Os números da pobreza e da extensão do Bolsa Família na Bahia revelados pelo estudo do Ipea são realmente representativos na opinião do pesquisador do Ipea Pedro Souza, um dos autores do estudo. “A resolução da pobreza extrema no Brasil tem que passar pela Bahia. Se o problema for resolvido no estado, é possível resolver em outros locais”, diz.De acordo com a pesquisa, 76% dos baianos recebem menos de um salário mínimo (10% são extremamente pobres, 17% pobres e 49% vulneráveis). A principal justificativa, segundo Souza, é a extensão do estado. Outro motivo é a desigualdade regional que atinge a região Nordeste. Com relação ao Bolsa Família - que atende a um terço da população - Souza lembra que o programa não resolverá o problema do estado. A própria pesquisa do Ipea diz que o Bolsa Família é um “instrumento de alívio”, mas não é capaz de retirar as pessoas desta situação de extrema pobreza, já que a transferência média é de R$ 100 por família e são necessários R$ 67 por pessoa para deixar este quadro. Há um segmento da população especialmente atingido pela pobreza: as crianças. Segundo o estudo, 42% dos baianos entre 0 e 14 anos são pobres ou extremamente pobres. Apenas 11% estão entre os ‘não pobres’. “Temos poucas políticas voltadas para as crianças. Mas o Brasil Carinhoso pode melhorar este quadro”, comenta Souza.O novo programa do governo federal vai transferir renda para famílias com crianças de 0 a 6 anos. Em contrapartida, Souza destaca que o estereótipo de que as famílias mais pobres têm muitas crianças está mudando. Se em 2004, as famílias extremamente pobres tinham uma média de 2,4 filhos, em 2009 o número caiu para 1,9 filho. “Domicílios com mais de quatro crianças são cada vez mais raros”, finaliza o pesquisador Pedro Souza.



Zona rural é desafio



Um dos grandes desafios para reduzir a pobreza extrema na Bahia é o campo.
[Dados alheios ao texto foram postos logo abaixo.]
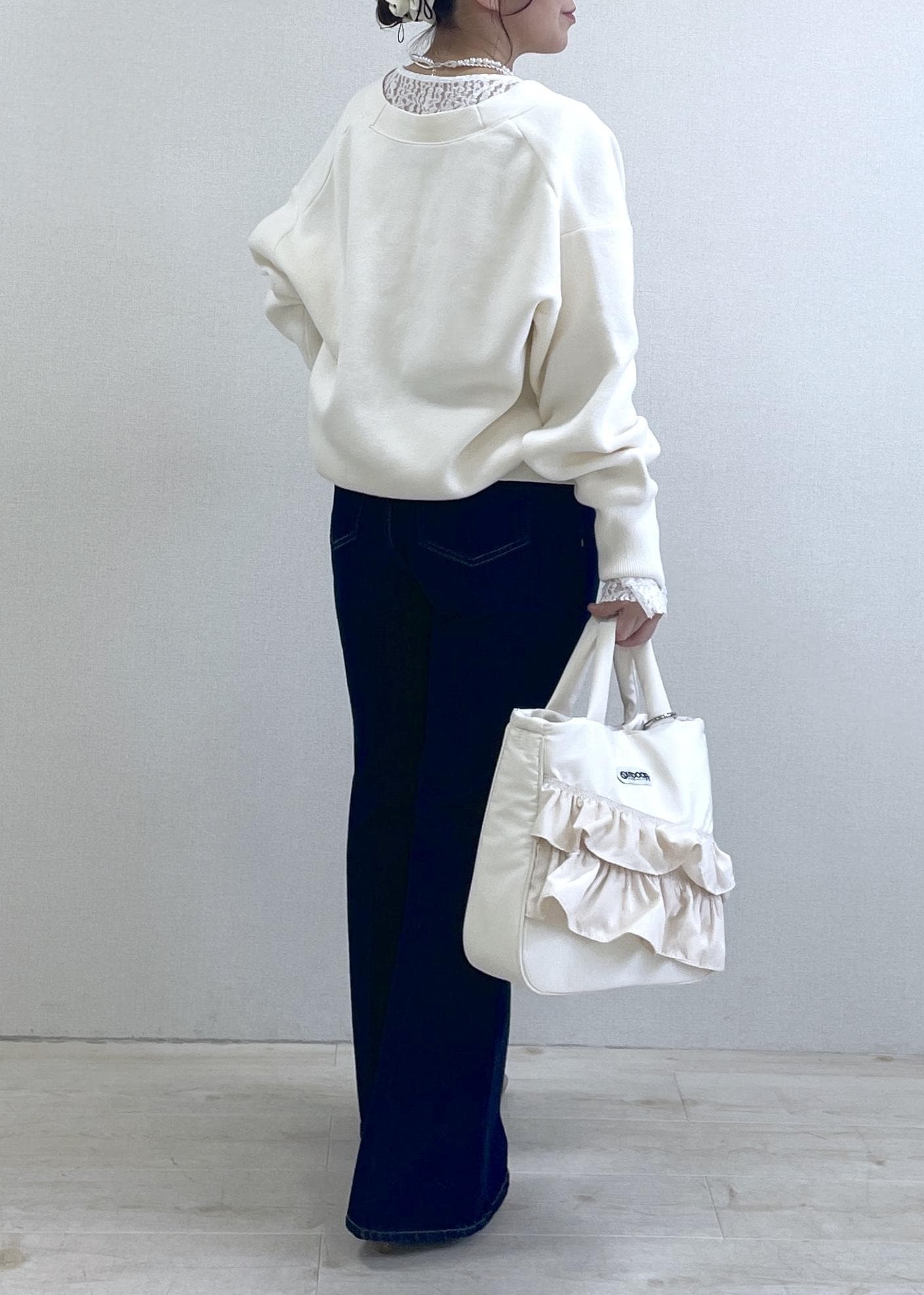 ゆるっとしたシルエットですが、オーバーサイズすぎず綺麗に着用できます! -

Na área urbana, o estado conseguiu reduzir pela metade o número de 1,1 milhão de baianos extremamente pobres entre 2004 e 2009 - em termos percentuais caiu de 12% para 6%.Já no campo, essa queda chegou a nove pontos percentuais, mas ainda está em 17%. “São famílias com condições precárias de acesso ao mercado de trabalho, ou produtores de subsistência (plantam para comer), com pouco acesso à terra, ou ao crédito”, explica o pesquisador do Ipea e um dos autores do estudo, Pedro Souza, fazendo em seguida um comparativo: em São Paulo e no Rio de Janeiro, este percentual não chega a 10% e, no país, cerca de 20% vivem em áreas rurais.Segundo a coordenadora estadual do Bolsa Família na Bahia, Luciana Santos, da Secretaria de Desenvolvimento Social e Combate à Pobreza (Sedes), programas para atender aos agricultores rurais têm sido desenvolvidos pelo governo do estado, como o Viver Melhor, além do programa que implanta cisternas para facilitar o acesso à água. “A meta deste ano é instalar 22 mil cisternas e atender a 600 mil agricultores familiares”, diz Luciana. A coordenadora, porém, não soube estimar quantas cisternas foram instaladas nem quantos agricultores foram atendidos.